R7.5-billion transport upgrades as Cape Town prepares to become South Africa’s biggest city

Cape Town plans to spend R39.5 billion on infrastructure development from July 2024 to June 2027 as it prepares to become South Africa’s most populous metro in the wake of a semigration trend that has seen many inland citizens flock to the Mother City.
While the lion’s share of the capital will be funneled toward water and sanitation, there will be a substantial allocation of as much as R7.5 billion to the city’s public transport services.
“This pro-poor infrastructure spend in 2024/25 is bigger than the entire infrastructure budget of any other metro,” said mayor Geordin Hill-Lewis.
“Cape Town will soon be South Africa’s most populous city, and we are preparing for this by targeting our fastest-growing and poorest areas, with infrastructure projects that will, over time, unstitch the unjust legacy of our country’s past.”

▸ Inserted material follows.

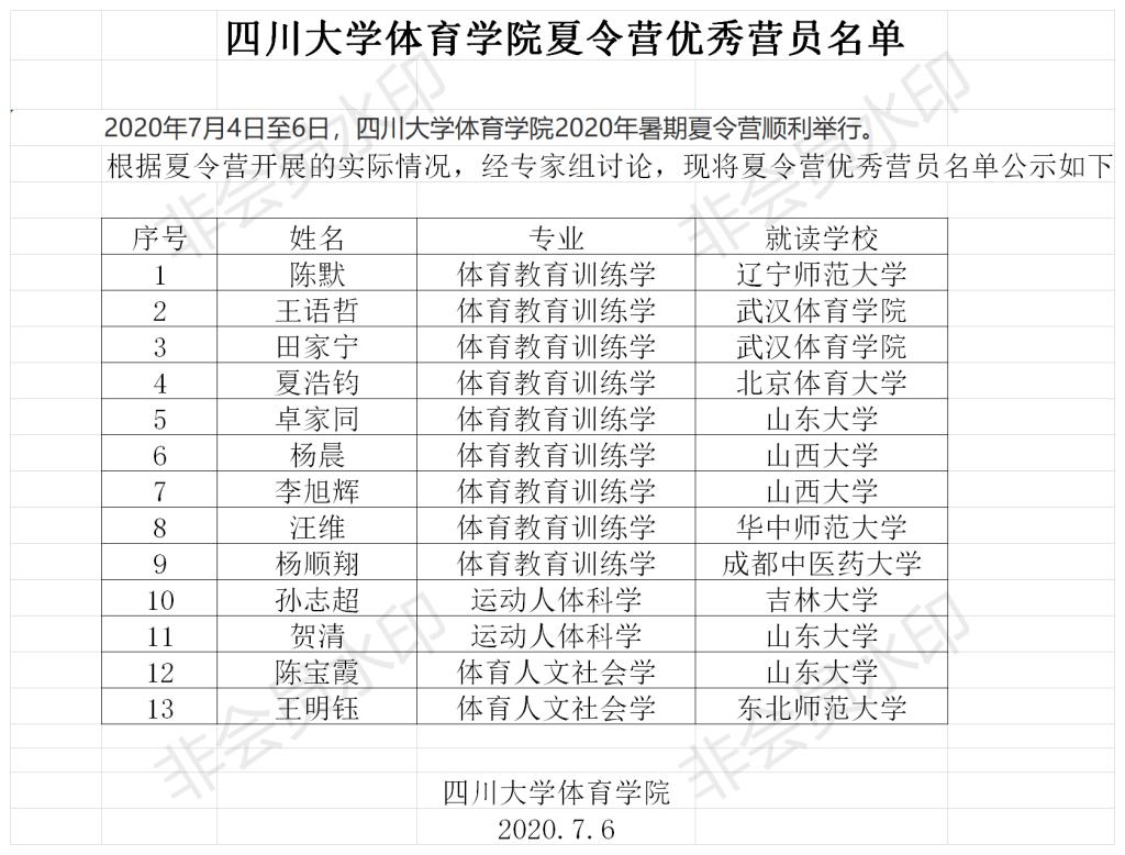 2020年永利集团3044am体育学院夏令营优秀营员名单

A focus on public transport
Hill-Lewis said that Cape Town will focus more on strengthening its public transport systems in the coming years than on servicing private motorists as this is the area lacking the most.

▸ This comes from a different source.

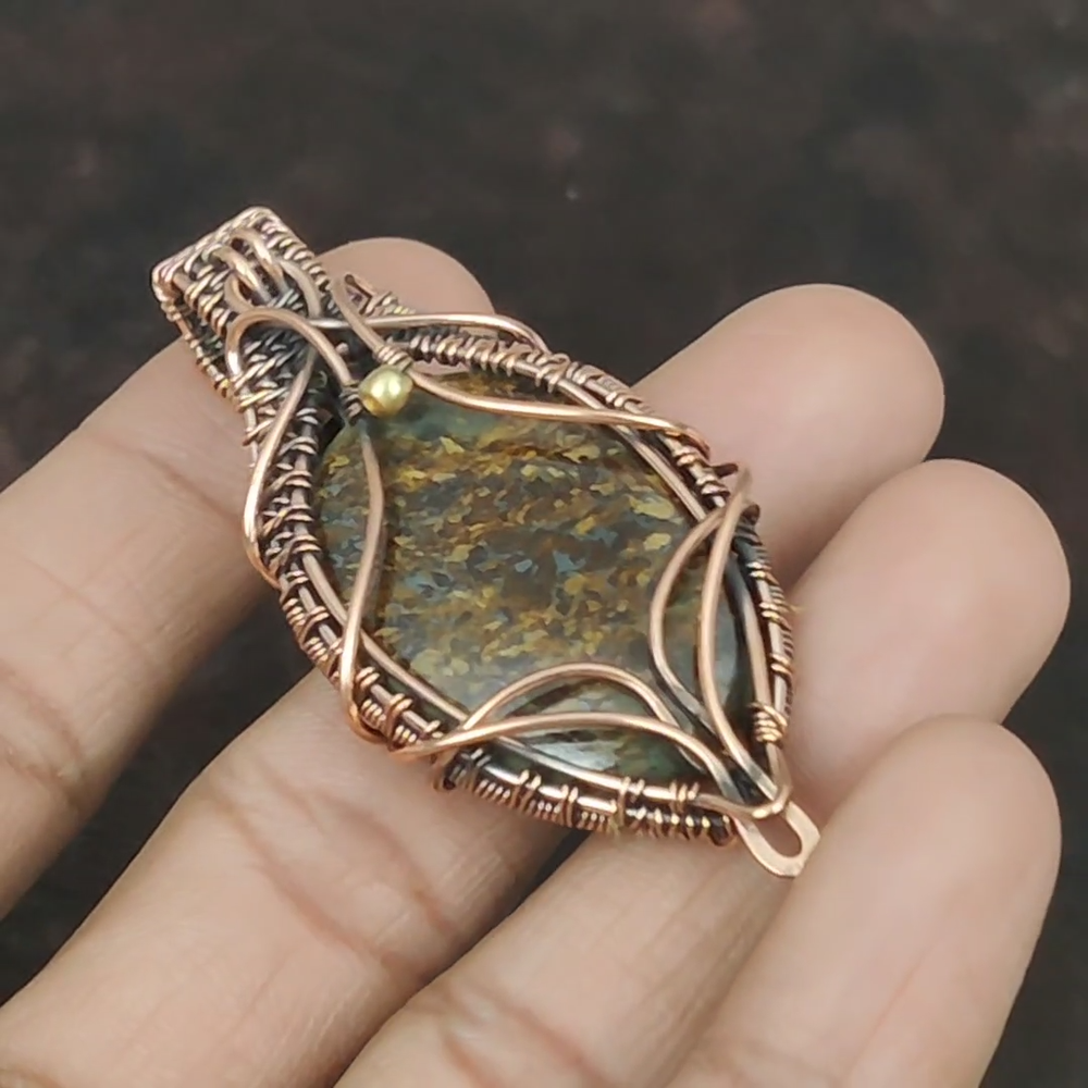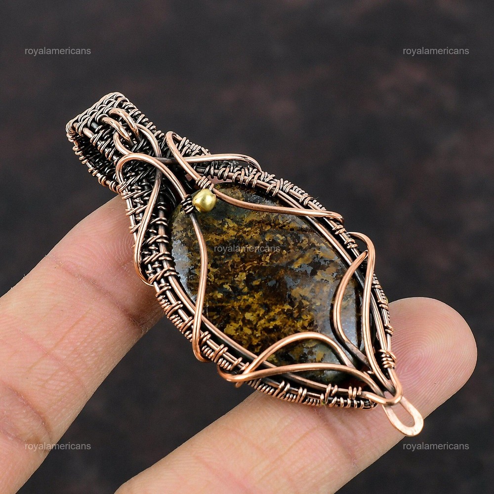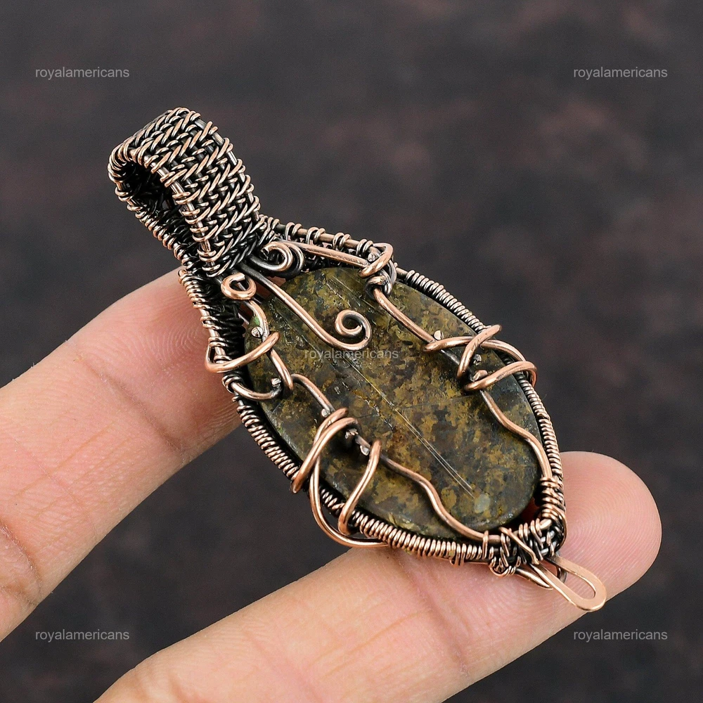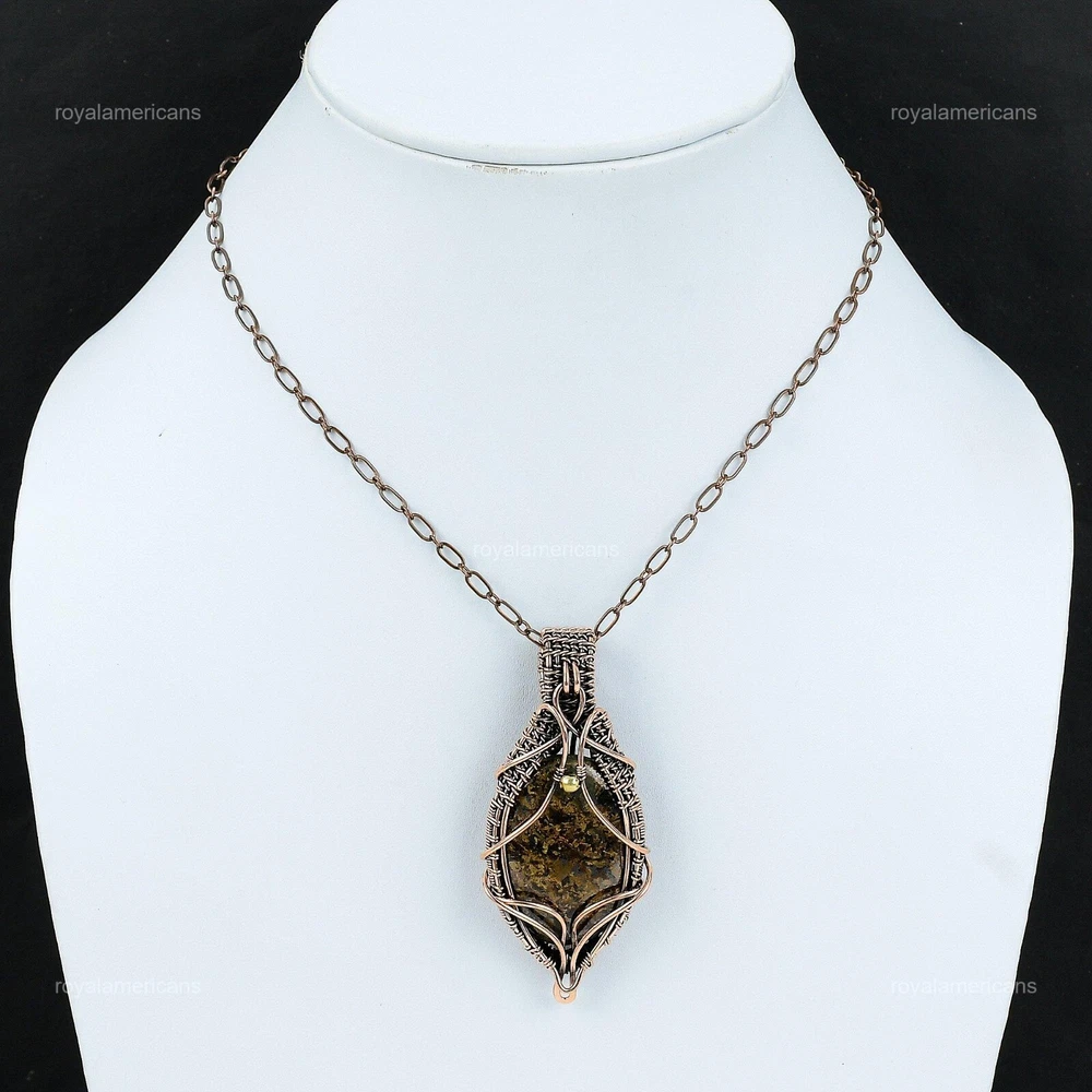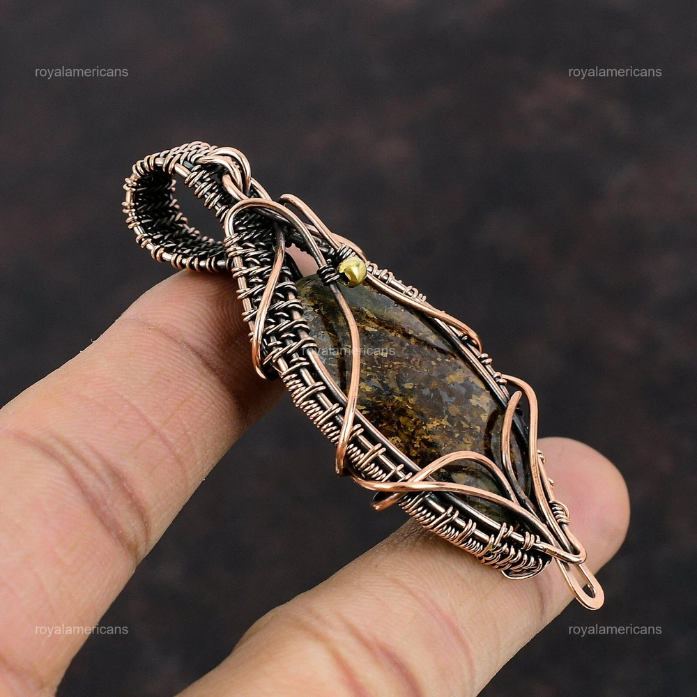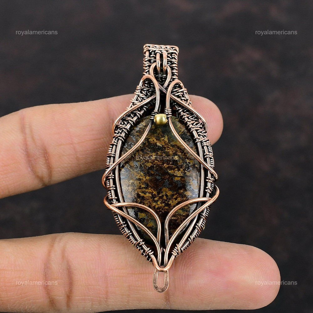 Note : Due to the natural formation of this gemstone. Slight variation in design and color are to be expected. Welcome to Royalamericans Mothers day Sale Copper Bronzite Stone Handmade Daughter Wedding Pendant Jewelry Handmade Pendant, Wire Wrapped Pendant, Wire Wrapped Jewelry, Copper Pendant, Copper Wire Pendant, Wrapped Jewelry, Wire Wrap Pendant, Wire Wrap Jewelry SKU : UFWP-689 Gemstone : Bronzite Stone Shape : Oval Metal Purity : Unknown Copper Length : 70 Millimeters Width : 30 Millimeters Copper has been used for jewelry making for thousands of years, dating back to ancient civilizations such as the Egyptians, Romans, and Aztecs. Copper was valued for its beauty, versatility, and durability, and was often used to make everything from jewelry and coins to cookware and tools. In addition to its historical significance, copper jewelry also offers several benefits. Copper is a natural conductor of heat and electricity, which makes it ideal for energy healing and therapeutic purposes. Wearing copper jewelry is believed to have various health benefits, such as improving circulation, reducing inflammation, and boosting the immune system. Some people also believe that copper jewelry has the ability to balance energy and improve mood. For Mother's Day Gift For Father's Day Gift For Promise For Valentine's Day For Halloween Party For Christmas Day Gift For New Year Party For Mom For Her If you can't find the information you need or need some advice for your design? Feel free to contact us. We are fast to reply :) All our work is made by hand with Love and Care in our workshop Thank you so much for visiting and hope you enjoy shopping with us Royalamericans is committed to delivering the best quality sterling silver jewelry to customers. As a handmade jewelry manufacturer, we offer an extensive selection of copper gemstone jewelry that showcases the brilliance of our craftsmanship. We are an experienced handmade jewelry supplier with expertise in embellishing gemstones to suit every style. We offer you the liberty to create your jewelry ensemble with sparkling, earthy, and pure gemstones. Our Talented artisans masterfully handcraft each piece of jewelry you see here. Our pieces are made with genuine gemstones.

The city is actively expanding its MyCiTi bus service to the metro south-east to support underserved communities such as Claremont, Khayelitsha, Mitchells Plain, Phillipi, and Wynberg, which it forecasts will be completed by the end of 2025.
Cape Town is also fighting the national government to hand over control of the metro’s passenger rail operations which will allow it to bring the service back from a state of disrepair.
A functional railway will add R11 billion to the local economy and save lower-income families in Cape Town as much as R932 million each year, as well as sustain 51,000 jobs, found the city’s ongoing Rail Feasibility Study.
“You won’t see much money going into new highways and things like that in the coming years. You have to prioritise quite ruthlessly, and we have to prioritise public transport over private vehicle transport,” said Hill-Lewis in a Cape Talk interview.
“So the [money] will mainly go to buses, and hopefully one day soon, it will also go to trains if we win the argument on the devolution of passenger rail which we think is absolutely essential for the running of a five-million-person metro.”